GÜNCEL EGE YEREL YÖNETİMLER EKONOMİ POLİTİKA SPOR RÖPORTAJLAR YAZAR CAFE FOTO GALERİ VİDEO GALERİ
Tayfun MARO
YAZARLAR
15 Ekim 2013 Salı

Başımıza gelenleri hak ediyor olabilir miyiz?

Bizim insanımız “ne demiş” diye sormayı pek sevmez; onun yerine, “kim demiş” diye sormayı tercih eder.
Ne söylendiğine değil de kimin söylediğine bakan insanımız, o söylenen hakkında hiç beynini yormadan, dinlediği kişi üzerinden fikir sahibi olur. İnsanımız bu tavrıyla edilgenliği ve kesin itaati toplum karakterine katarken, siyasette de sığlığın ve ucuzluğun yolunu açtı.

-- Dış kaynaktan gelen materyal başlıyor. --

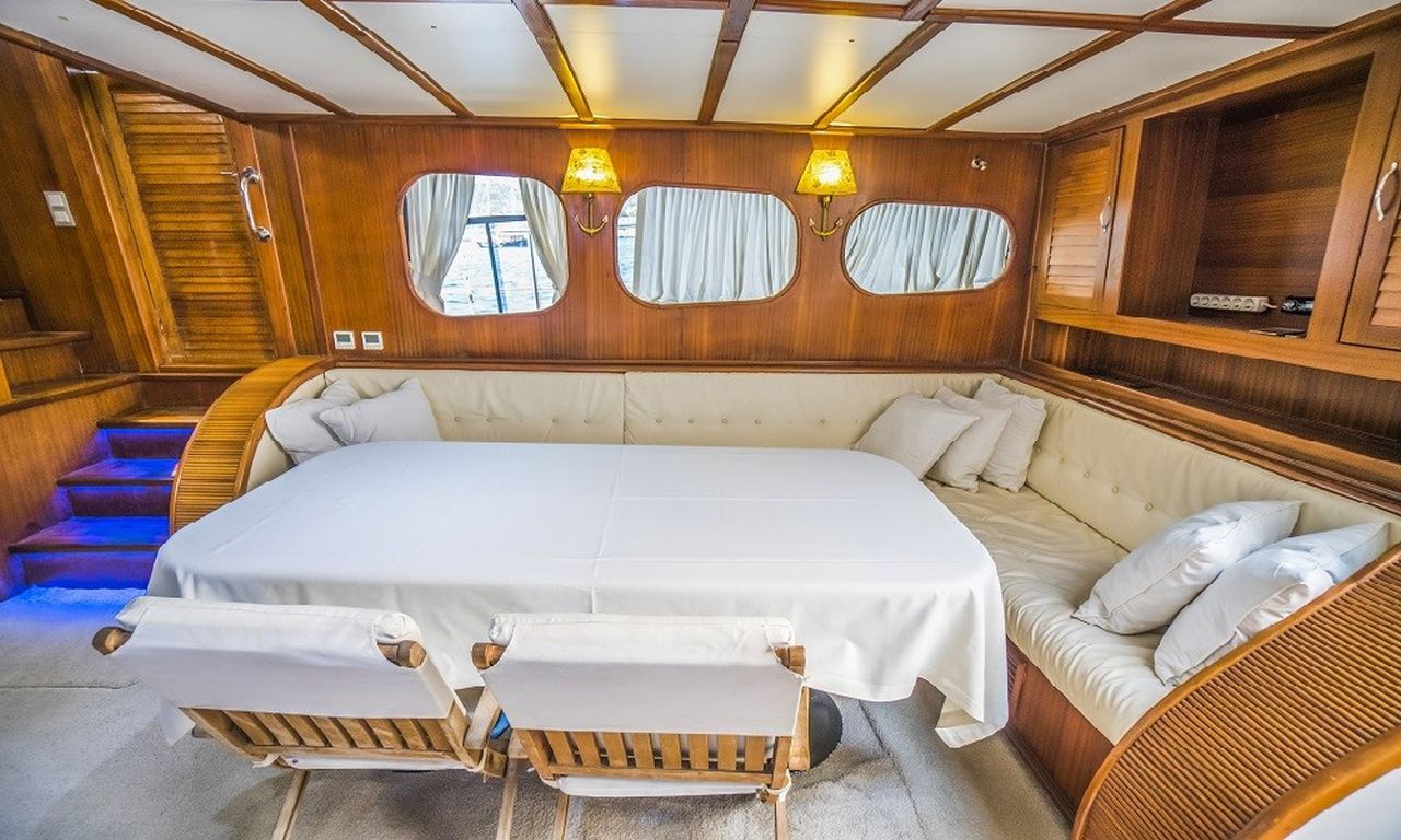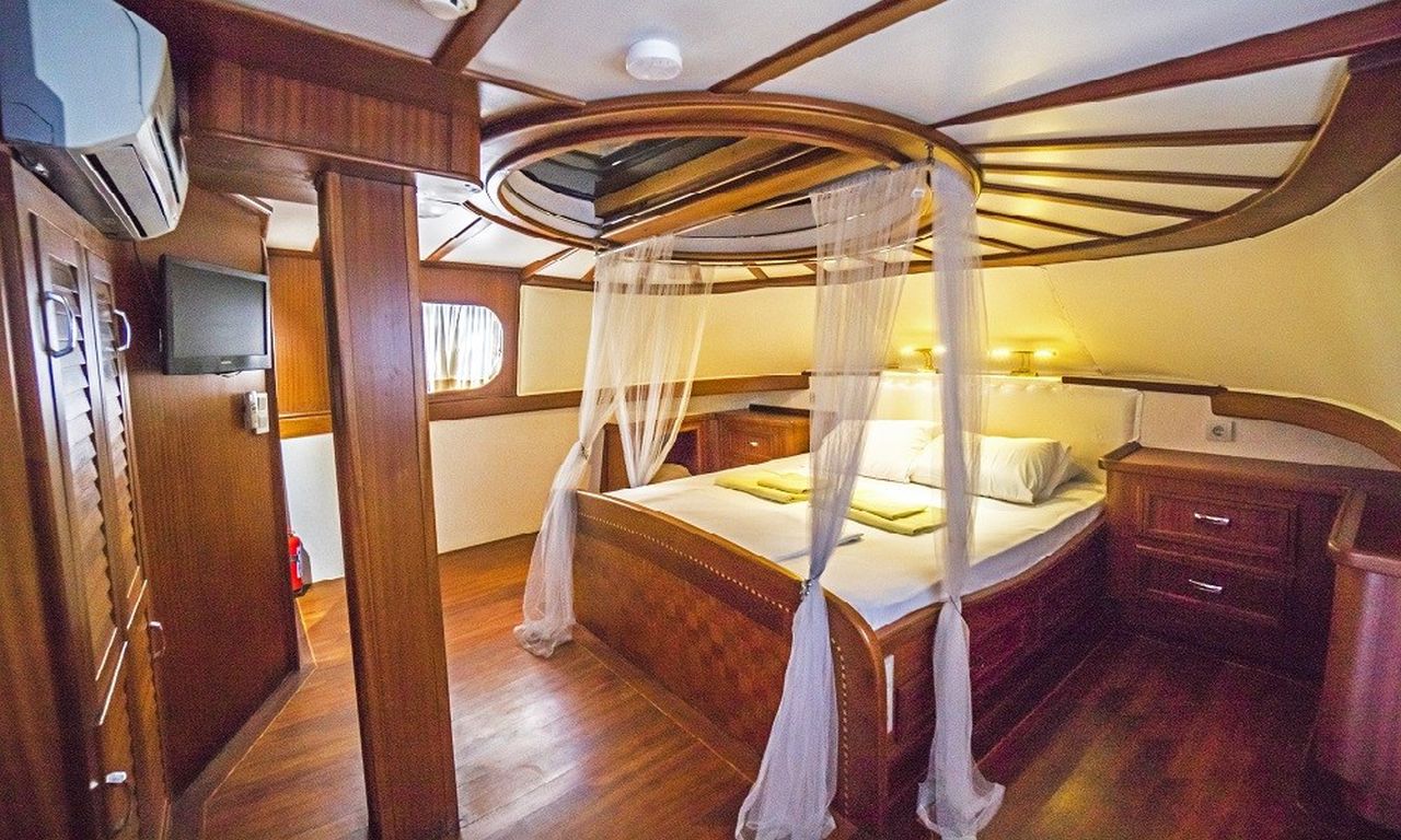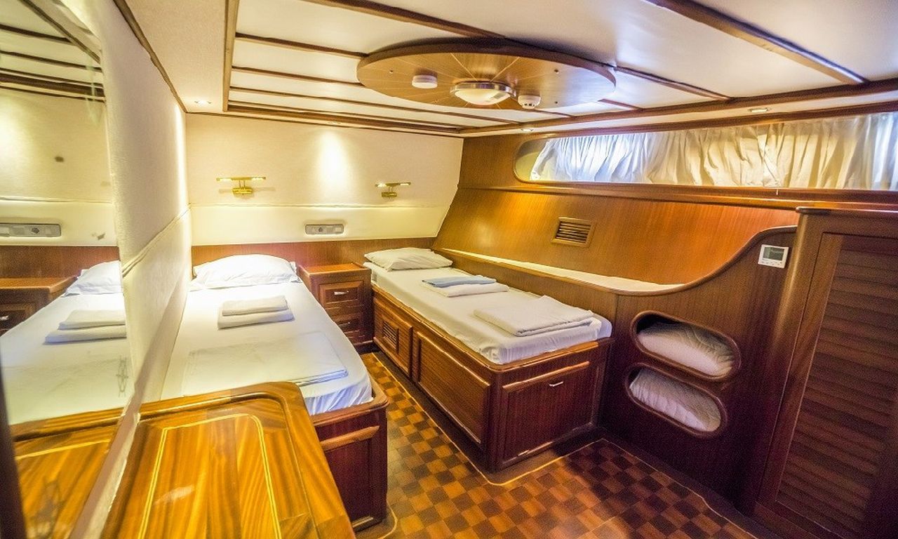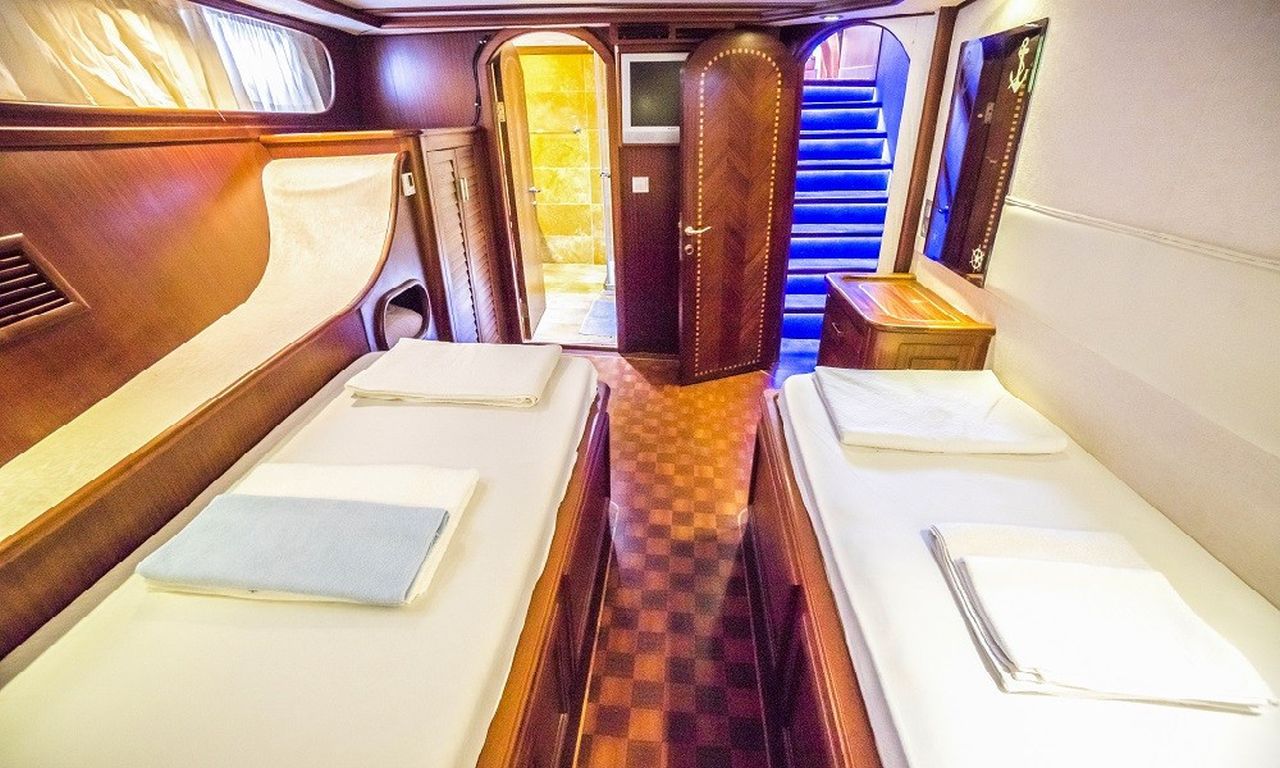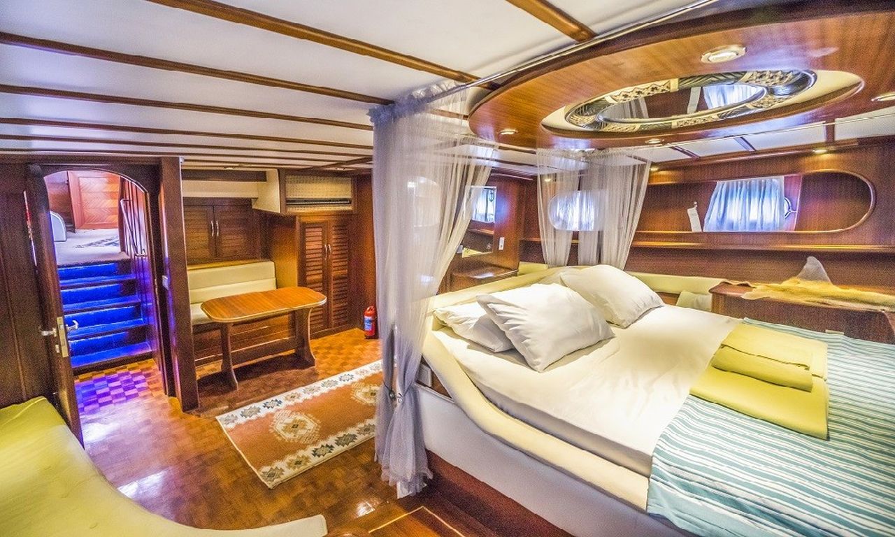 Гулет Esma Sultan 2 — кеч-стайл длиной 24 м, построен в 2010 году и капитально обновлён в 2023-м. Соединяет вечное деревянное ремесло и современный дизайн. На борту четыре каюты: две мастер (одна — king-suite), одна дабл и одна твин; все с отдельными санузлами с душевыми кабинами и туалетами домашнего типа; до 10 гостей. Отдельные каюты экипажа; профессиональная команда из четырёх (капитан, шеф, матрос, стюардесса).

Okumayı sevmeyen bir toplumuz. Bu yüzden, bilgiyle aramız limonidir. Haliyle düşünmenin yöntemine de yabacıyız. Bu hasletlerimize bir de konuştuğumuz dile yaptığımız alafranga zulmü eklersek, durumumuzun vahameti ve de garabeti daha anlaşılır hale gelir.
 
İnsan düşünmek bile istemiyor ama bir siyasetçi düşünün ki toplumun yarısı onun kılı olmaya razı, diğer yarısı ise onu hakaret ederek yerden yere vuruyor. Ve o kişi bu ülkenin Başbakanı. Her iki durumda da sorun var.
İktidardakilerin yaptıklarına ettiklerine karşı çıkanlar cezalandırılıyor, kötü muamele görüyor, dahası öldürülüyor; öte yanda ise, bu olan bitenden sorumlu kişinin kılı tüyü olmak isteyen bir kitle var.
 
Peki, sorun ne?
Başkaldıran toplumun sorununu anlamak mümkün. Demokratik haklar lafta kalıyor. Özgürlükler sadece iktidar yandaşları için var. Özel yaşama müdahale ediliyor. İnsan hakları çiğneniyor. Bilgi toplumu hak getire; İktidar cehaletten medet umuyor. Refah toplumu unutturuldu, yerini sadaka toplumu aldı; üstüne de üç çocuk, kıpırda kıpırdayabilirsen…
Bunca sorun karşısında başkaldıran toplumun, toplum bilimciler açısından anlaşılmaz bir yanı yoktur.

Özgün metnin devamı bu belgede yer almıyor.